◆ **What is required**
Repeat every line of the data exactly; the pictures stay out.

◆ **Dataset content**
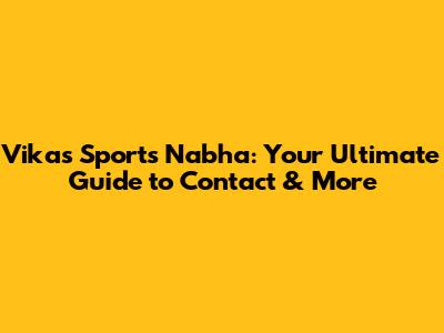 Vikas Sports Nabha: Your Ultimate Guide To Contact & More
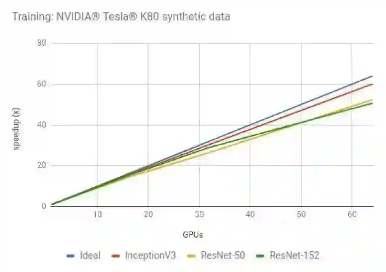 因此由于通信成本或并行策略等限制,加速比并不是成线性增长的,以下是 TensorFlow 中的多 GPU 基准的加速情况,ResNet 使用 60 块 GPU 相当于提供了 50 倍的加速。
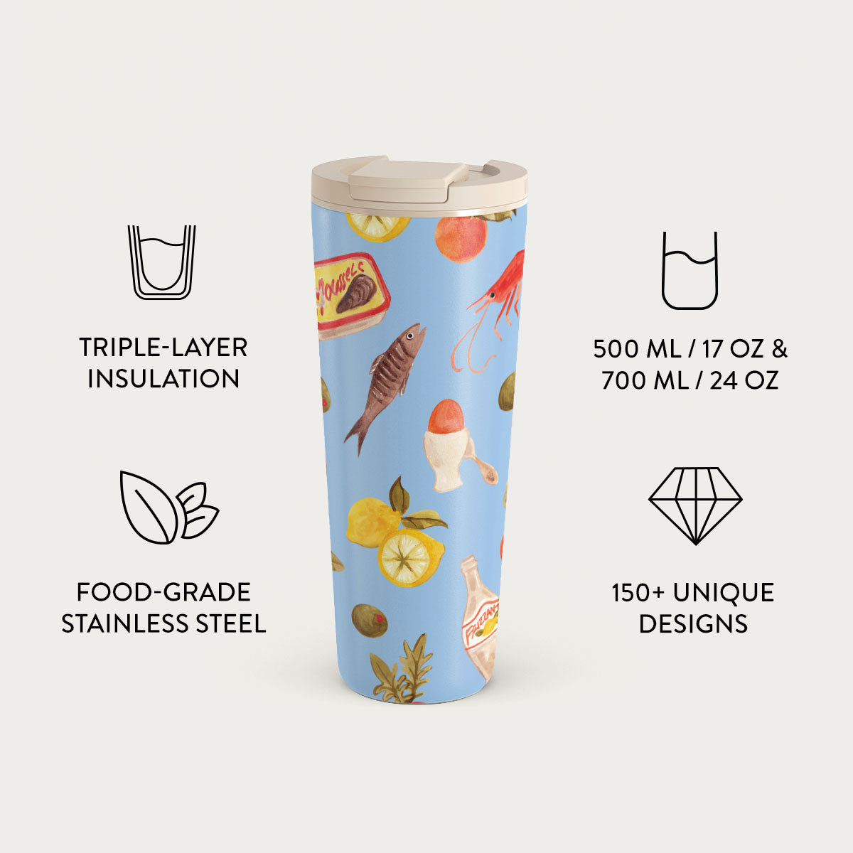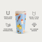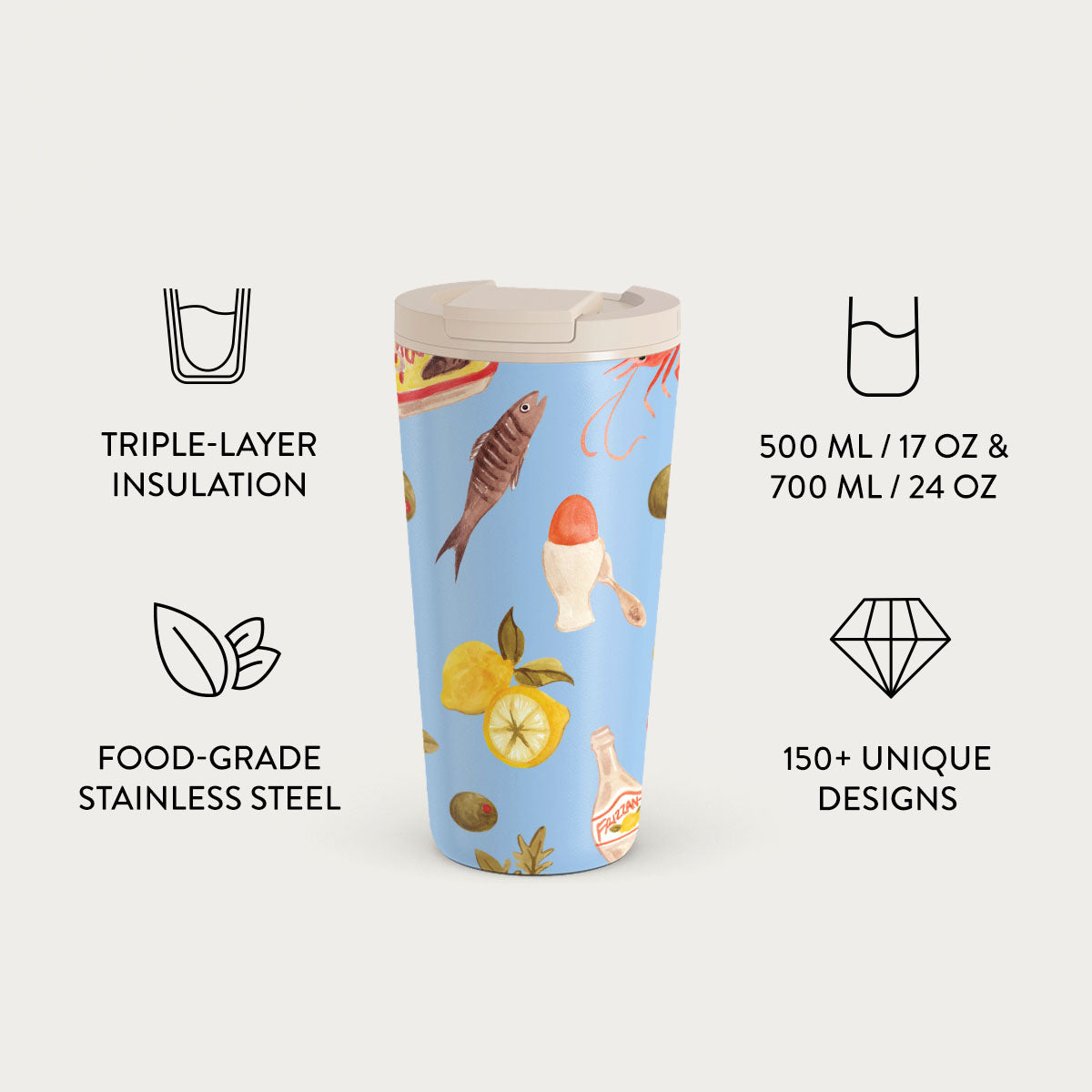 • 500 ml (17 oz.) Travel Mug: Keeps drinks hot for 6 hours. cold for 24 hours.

◆ **Exercise answer**
 Vikas Sports Nabha: Your Ultimate Guide To Contact & More
 因此由于通信成本或并行策略等限制,加速比并不是成线性增长的,以下是 TensorFlow 中的多 GPU 基准的加速情况,ResNet 使用 60 块 GPU 相当于提供了 50 倍的加速。
 • 500 ml (17 oz.) Travel Mug: Keeps drinks hot for 6 hours. cold for 24 hours.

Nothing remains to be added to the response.